When you reproduce the data, keep every word exactly as it stands and leave the pictures out.

_RECORDED DATA_:
________________________
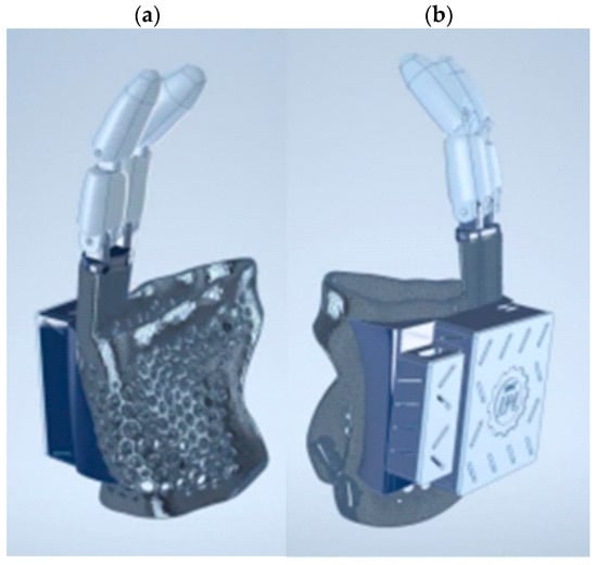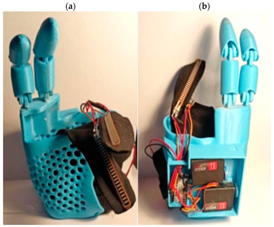 In the second concept (Figure 2) under consideration, the component layout was changed—all power and control components were placed on a box located on the top of the hand, eliminating the need to run wires and mechanisms from the forearm up to the hand. The microcontroller was reduced in size, and all controls were placed in a box. The design is based on a lightweight case printed from PLA, providing breathability and reducing the overall weight of the prosthesis []. This concept also uses a billiard glove to avoid abrasions to the skin of the hand and fingers.
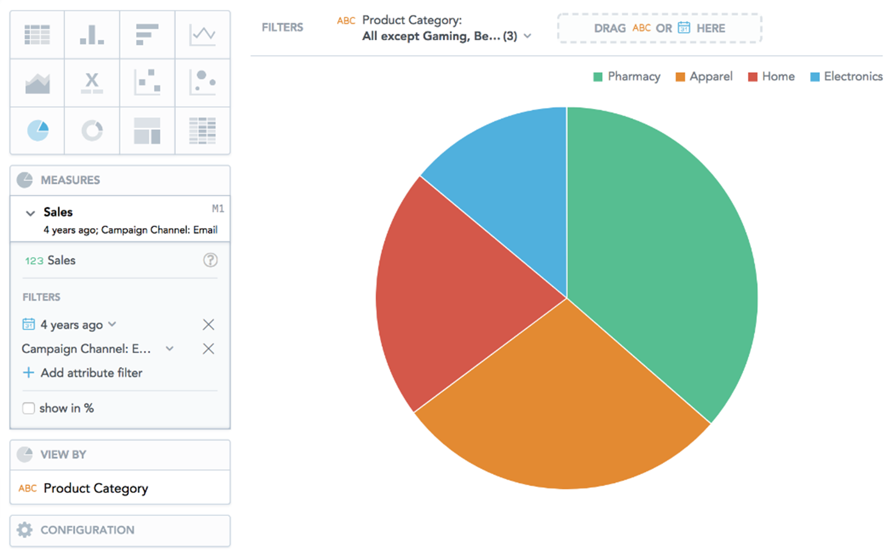 Pie charts have the following sections: Measures, View by, and Configuration.
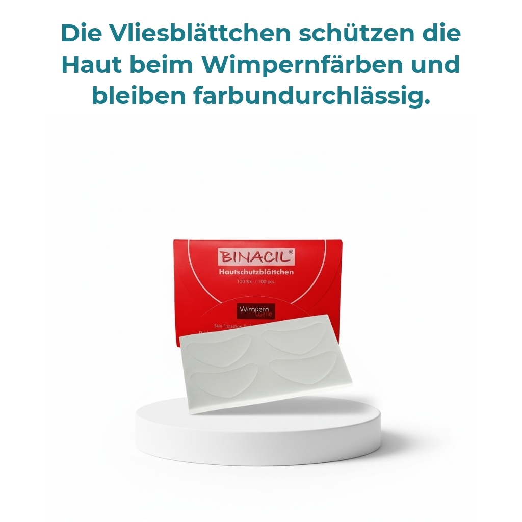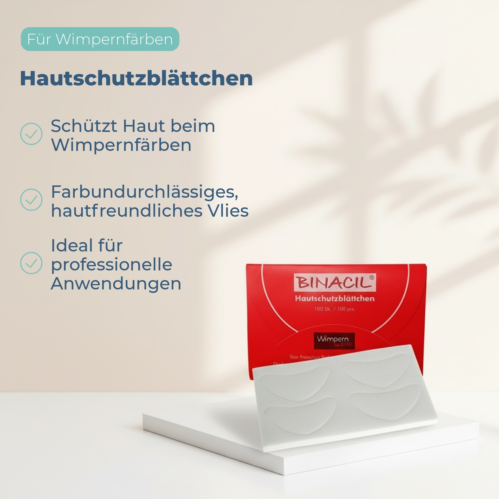 Die Binacil Hautschutzblättchen bestehen aus hochwertigem, weichem Vlies und schützen die empfindliche Haut unter den Augen während der Wimpernfärbung. Sie passen sich optimal an, nehmen überschüssige Farbe auf und verhindern Hautverfärbungen.
________________________
_COMPLETED TASK_:
 In the second concept (Figure 2) under consideration, the component layout was changed—all power and control components were placed on a box located on the top of the hand, eliminating the need to run wires and mechanisms from the forearm up to the hand. The microcontroller was reduced in size, and all controls were placed in a box. The design is based on a lightweight case printed from PLA, providing breathability and reducing the overall weight of the prosthesis []. This concept also uses a billiard glove to avoid abrasions to the skin of the hand and fingers.
 Pie charts have the following sections: Measures, View by, and Configuration.
 Die Binacil Hautschutzblättchen bestehen aus hochwertigem, weichem Vlies und schützen die empfindliche Haut unter den Augen während der Wimpernfärbung. Sie passen sich optimal an, nehmen überschüssige Farbe auf und verhindern Hautverfärbungen.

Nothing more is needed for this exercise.